Joan Rivers Kathryn Hahn
Hahn: Pool / Rivers: Kino Lorber /Courtesy Everett Collection

Because of issues around the life rights of Joan Rivers, a limited series in which Kathryn Hahn would have played the legendary comedian isn’t moving forward.

The project, called “The Comeback Girl,” was announced last month in Variety. It had been in development at Showtime, and was to be produced by Warner Bros. Television, Atlas Entertainment and Berlanti Productions. Hahn was attached as its star and executive producer, and Greg Berlanti was going to direct and executive produce the series, which was based on a spec script by Cosmo Carlson.

Yet Rivers’ life rights, which are held by her daughter, Melissa Rivers, hadn’t been secured by producers.
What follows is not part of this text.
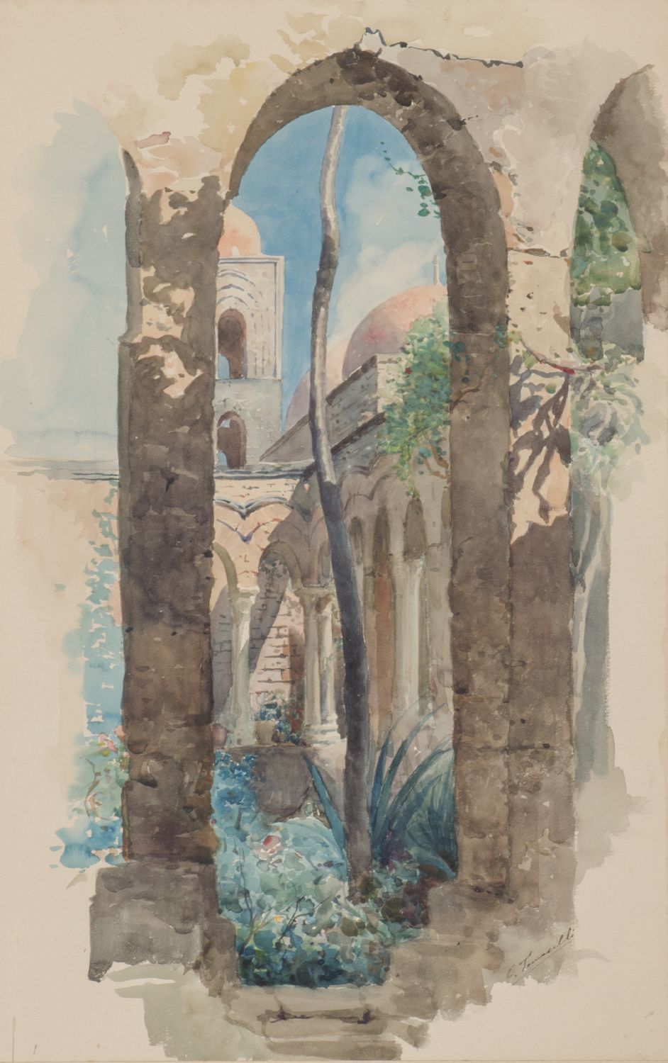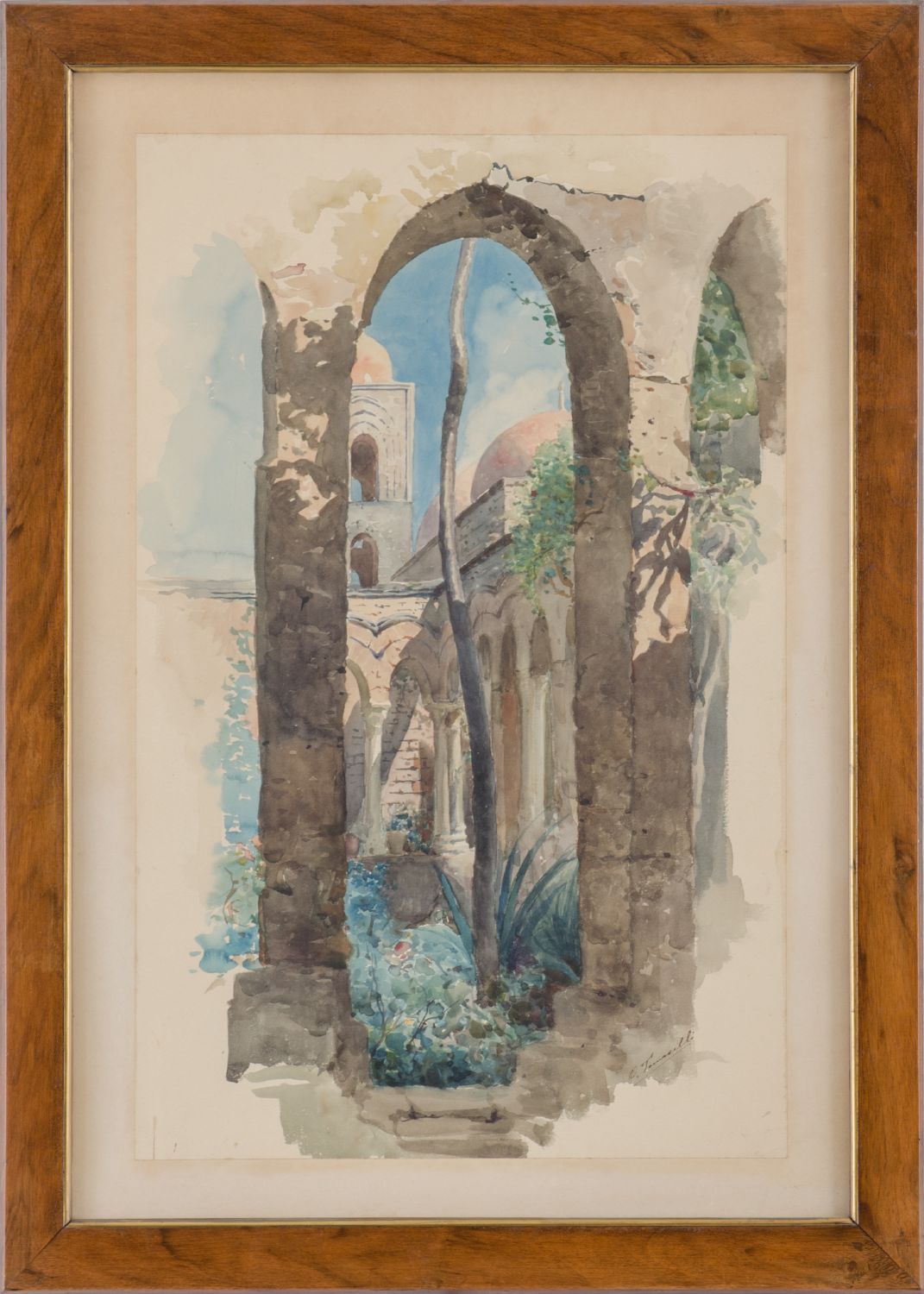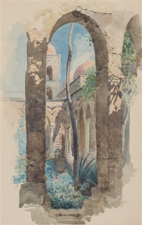 ONOFRIO TOMASELLI (Bagheria (Pa) - Palermo 1956) ACQUARELLO su carta "Chiostro di San Giovanni degli Eremiti", firmato a in basso a destra. Misure: cm 54,5 x 34,5

The project could have proceeded as an unauthorized venture, but “The Comeback Girl” wouldn’t have been able to use any of Rivers’ jokes or catchphrases, and, of course, risked running afoul of Melissa Rivers and the estate.

The limited series was set during a precarious time in Joan Rivers’ life: primarily in the aftermath of the cancellation of her late-night talk show on Fox, “The Late Show.” That period coincided with the death by suicide of Rivers’ husband (and “Late Show” producer) Edgar Rosenberg — Melissa Rivers’ father.

The logline for “The Comeback Girl” was: “Trailblazer. Adored. Cruel. Diva. Joan Rivers had a life like no other. At age 54, she was a superstar comedienne…and then it all fell apart. THE COMEBACK GIRL is the awe-inspiring untold story of how Joan Rivers persevered through near suicide and professional abyss to rebuild herself and her career to become a global icon.”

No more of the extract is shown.